### [Supplied data]
--- START ---
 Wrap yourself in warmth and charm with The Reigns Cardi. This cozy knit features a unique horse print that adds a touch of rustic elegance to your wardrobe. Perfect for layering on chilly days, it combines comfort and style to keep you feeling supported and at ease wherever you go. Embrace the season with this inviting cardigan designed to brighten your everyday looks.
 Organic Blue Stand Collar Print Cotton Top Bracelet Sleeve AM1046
--- END ---
--- START ---
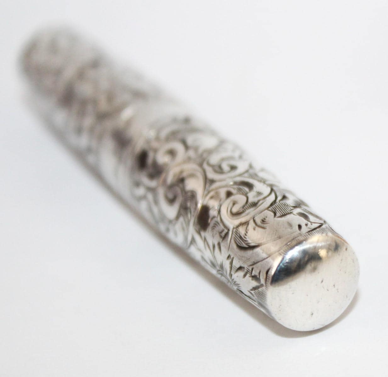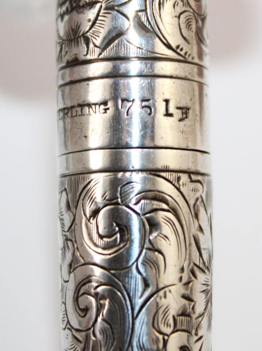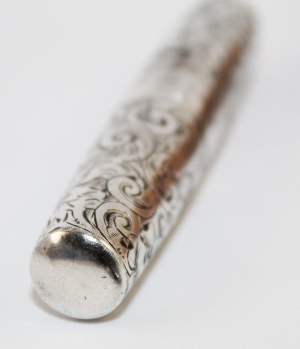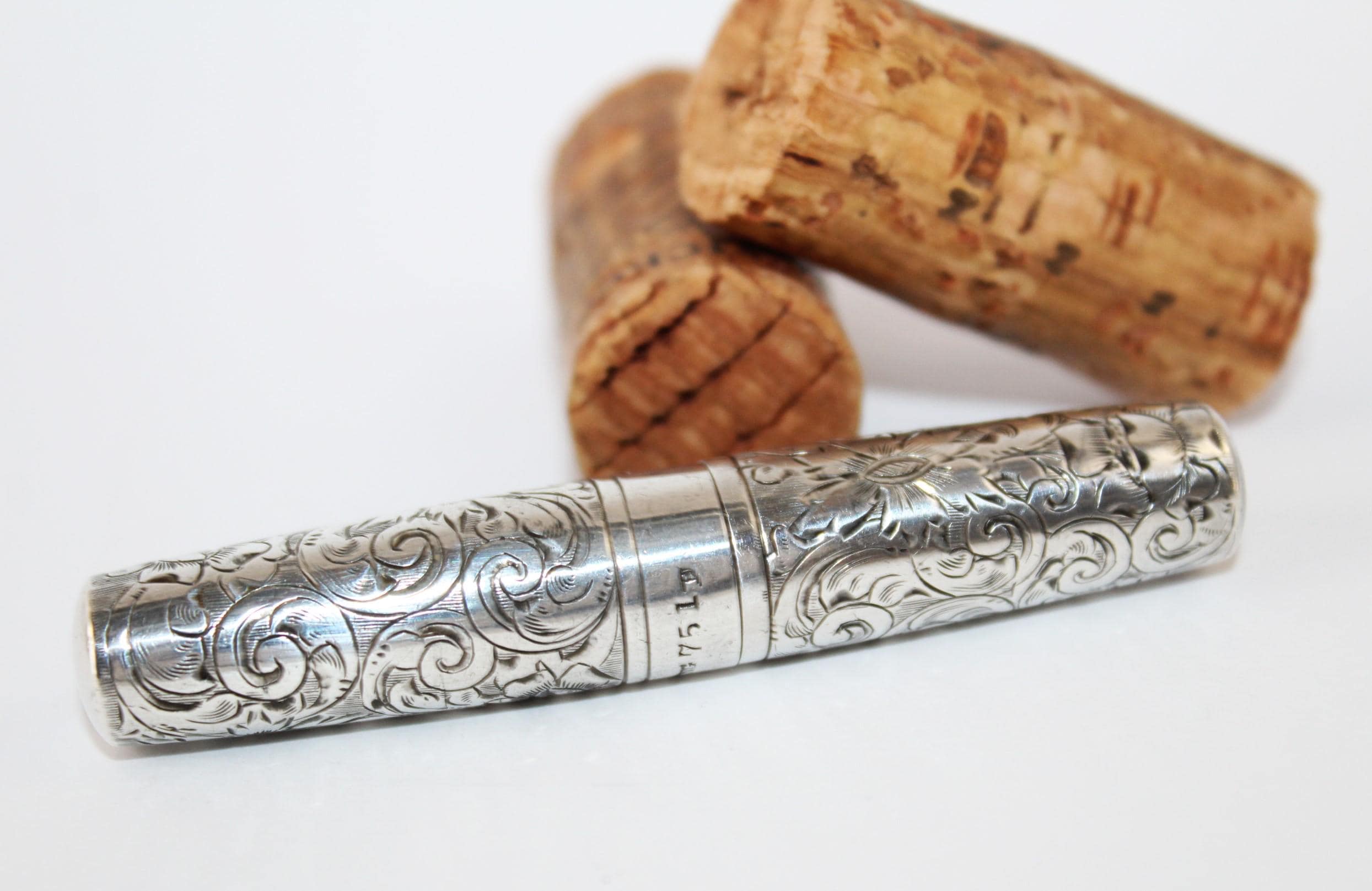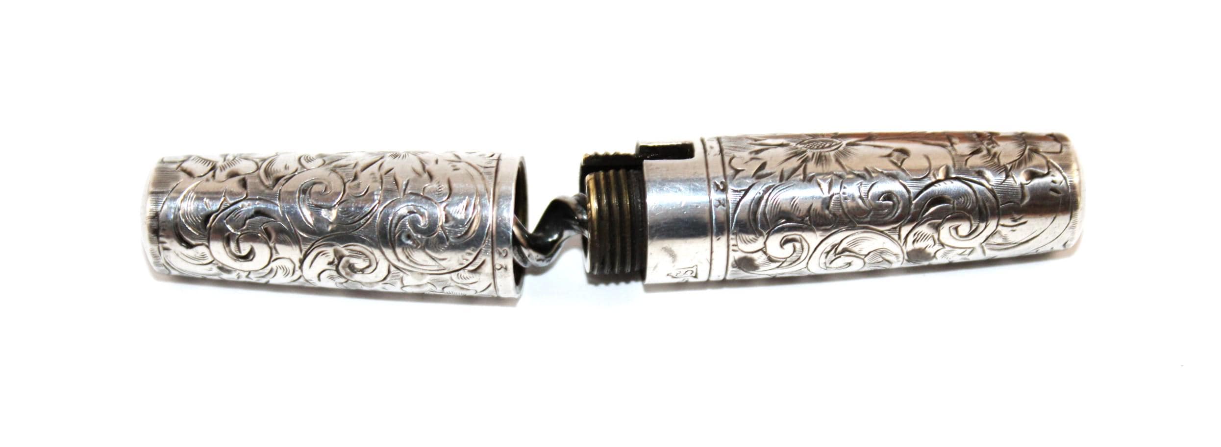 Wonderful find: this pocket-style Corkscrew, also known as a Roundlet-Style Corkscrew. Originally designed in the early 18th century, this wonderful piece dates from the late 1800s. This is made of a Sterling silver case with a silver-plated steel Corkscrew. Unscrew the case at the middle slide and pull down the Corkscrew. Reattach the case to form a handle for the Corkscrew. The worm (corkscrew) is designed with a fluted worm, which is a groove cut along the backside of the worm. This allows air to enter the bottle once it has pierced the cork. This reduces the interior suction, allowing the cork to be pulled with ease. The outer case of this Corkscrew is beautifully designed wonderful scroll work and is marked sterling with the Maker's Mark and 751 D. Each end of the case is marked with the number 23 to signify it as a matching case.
--- END ---
--- START ---
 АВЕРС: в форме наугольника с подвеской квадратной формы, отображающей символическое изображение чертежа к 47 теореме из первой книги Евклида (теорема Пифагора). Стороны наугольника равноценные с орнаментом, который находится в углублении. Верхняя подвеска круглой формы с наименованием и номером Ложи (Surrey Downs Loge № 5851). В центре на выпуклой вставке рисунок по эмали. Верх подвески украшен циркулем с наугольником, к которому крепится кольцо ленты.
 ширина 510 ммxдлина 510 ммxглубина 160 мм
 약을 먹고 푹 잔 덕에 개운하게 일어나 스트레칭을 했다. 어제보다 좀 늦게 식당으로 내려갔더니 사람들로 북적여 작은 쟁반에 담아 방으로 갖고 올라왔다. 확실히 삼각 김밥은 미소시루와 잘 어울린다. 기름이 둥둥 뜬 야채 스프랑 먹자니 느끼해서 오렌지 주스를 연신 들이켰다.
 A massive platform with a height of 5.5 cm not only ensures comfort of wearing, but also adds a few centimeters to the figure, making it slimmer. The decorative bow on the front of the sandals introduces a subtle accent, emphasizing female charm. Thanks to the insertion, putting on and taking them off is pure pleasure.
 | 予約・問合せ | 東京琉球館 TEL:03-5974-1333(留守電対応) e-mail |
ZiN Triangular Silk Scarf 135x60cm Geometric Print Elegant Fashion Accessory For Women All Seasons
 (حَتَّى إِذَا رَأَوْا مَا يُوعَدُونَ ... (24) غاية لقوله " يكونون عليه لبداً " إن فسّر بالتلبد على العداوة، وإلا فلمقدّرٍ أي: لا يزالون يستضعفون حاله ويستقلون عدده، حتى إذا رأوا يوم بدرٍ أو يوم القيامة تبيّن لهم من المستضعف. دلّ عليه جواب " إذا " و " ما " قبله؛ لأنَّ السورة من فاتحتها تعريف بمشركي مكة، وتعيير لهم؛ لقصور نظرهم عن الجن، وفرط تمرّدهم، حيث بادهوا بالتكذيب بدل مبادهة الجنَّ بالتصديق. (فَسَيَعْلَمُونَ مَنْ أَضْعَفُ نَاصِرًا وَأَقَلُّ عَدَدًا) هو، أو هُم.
--- END ---
### [Required work]
Go through the entries and copy every line with "comfort".

### [Response area]
 Wrap yourself in warmth and charm with The Reigns Cardi. This cozy knit features a unique horse print that adds a touch of rustic elegance to your wardrobe. Perfect for layering on chilly days, it combines comfort and style to keep you feeling supported and at ease wherever you go. Embrace the season with this inviting cardigan designed to brighten your everyday looks.
 A massive platform with a height of 5.5 cm not only ensures comfort of wearing, but also adds a few centimeters to the figure, making it slimmer. The decorative bow on the front of the sandals introduces a subtle accent, emphasizing female charm. Thanks to the insertion, putting on and taking them off is pure pleasure.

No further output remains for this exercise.